» TASK DESCRIPTION
Hand back the entries exactly as written, minus every picture.

» DATA FOR REVIEW
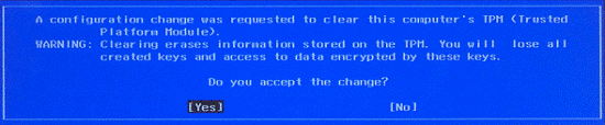 ・A configuration change was requested to clear this computer's TPM(Trusted platform Module).
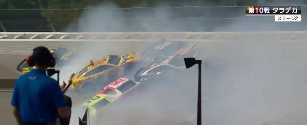 米レース史上最大級!26台絡む巨大クラッシュの一部始終 バックでピットへ…斜めに走る車も コース上が白煙に包まれる大惨事
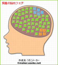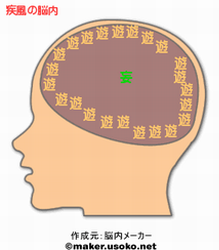 なるほど、こうなっていたのか。 優等生というのは、じつは作られたもので、 頭の中は【遊】ぶことで一杯だったのだ。 (ほとんど空洞かよ★) 真ん中にぽちょんと、【妄】執があるのが面白い^o^ いろいろと煩悩に悩む疾風なのであった(笑) そしてフェチ☆な部分… おおおお~!! 【声】ですかっ。 そして【脚】ですかっ。 (何か、相当スケベっぽい★) でも、【服】っつうのは… しかし当たってるねェェ。 なんでこんなに当たるんだろ。 |
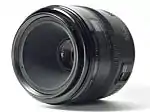 The EF50mm f/2.5 Compact Macro is a relatively inexpensive macro lens with a minimum focusing distance of 23 cm (9 inches) offering a maximum magnification of 0.5x actual size.[8] Reviewers describe the lens as having "decent"/"mid-level" build quality, with very good color and contrast, "absolutely negligible" distortion, very sharp after f/4 and peak performance at f/5.6. However, auto-focusing is relatively slow and noisy.[11][12]
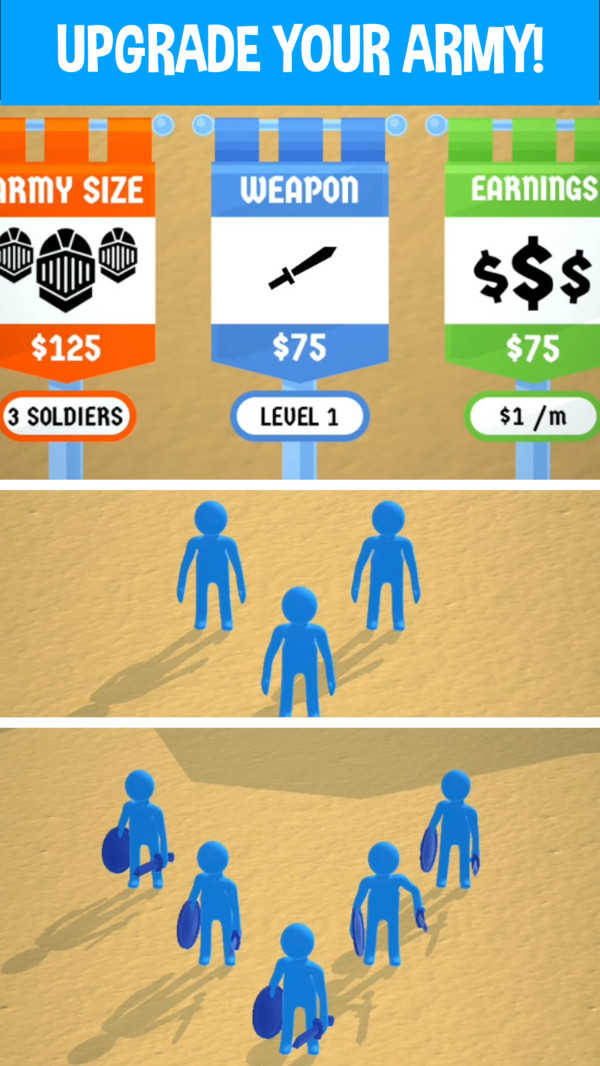 2、指挥蓝色士兵,击败橙色敌人即可通关。

» ANSWER SPACE
 ・A configuration change was requested to clear this computer's TPM(Trusted platform Module).
 米レース史上最大級!26台絡む巨大クラッシュの一部始終 バックでピットへ…斜めに走る車も コース上が白煙に包まれる大惨事
 なるほど、こうなっていたのか。 優等生というのは、じつは作られたもので、 頭の中は【遊】ぶことで一杯だったのだ。 (ほとんど空洞かよ★) 真ん中にぽちょんと、【妄】執があるのが面白い^o^ いろいろと煩悩に悩む疾風なのであった(笑) そしてフェチ☆な部分… おおおお~!! 【声】ですかっ。 そして【脚】ですかっ。 (何か、相当スケベっぽい★) でも、【服】っつうのは… しかし当たってるねェェ。 なんでこんなに当たるんだろ。 |
 The EF50mm f/2.5 Compact Macro is a relatively inexpensive macro lens with a minimum focusing distance of 23 cm (9 inches) offering a maximum magnification of 0.5x actual size.[8] Reviewers describe the lens as having "decent"/"mid-level" build quality, with very good color and contrast, "absolutely negligible" distortion, very sharp after f/4 and peak performance at f/5.6. However, auto-focusing is relatively slow and noisy.[11][12]
 2、指挥蓝色士兵,击败橙色敌人即可通关。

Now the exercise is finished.